**STUDY MATERIAL**:
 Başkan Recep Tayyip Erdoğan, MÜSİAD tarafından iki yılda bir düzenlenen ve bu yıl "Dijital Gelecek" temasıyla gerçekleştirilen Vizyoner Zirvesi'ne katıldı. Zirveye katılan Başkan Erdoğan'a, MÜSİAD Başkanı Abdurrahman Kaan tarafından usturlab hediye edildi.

...

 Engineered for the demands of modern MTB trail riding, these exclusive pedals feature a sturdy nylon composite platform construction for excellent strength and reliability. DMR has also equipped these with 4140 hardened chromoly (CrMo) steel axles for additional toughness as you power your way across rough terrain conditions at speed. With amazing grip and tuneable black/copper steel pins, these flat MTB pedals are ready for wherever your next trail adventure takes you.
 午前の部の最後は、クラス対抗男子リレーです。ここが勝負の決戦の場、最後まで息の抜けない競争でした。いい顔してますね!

**WORK ORDER**:
Out of the data above, give again only the lines starting at the one holding "Engineered for the" and ending at the one holding "午前の部の最後は、クラス対抗", unchanged.

**RESULT FOR THIS EXERCISE**:
 Engineered for the demands of modern MTB trail riding, these exclusive pedals feature a sturdy nylon composite platform construction for excellent strength and reliability. DMR has also equipped these with 4140 hardened chromoly (CrMo) steel axles for additional toughness as you power your way across rough terrain conditions at speed. With amazing grip and tuneable black/copper steel pins, these flat MTB pedals are ready for wherever your next trail adventure takes you.
 午前の部の最後は、クラス対抗男子リレーです。ここが勝負の決戦の場、最後まで息の抜けない競争でした。いい顔してますね!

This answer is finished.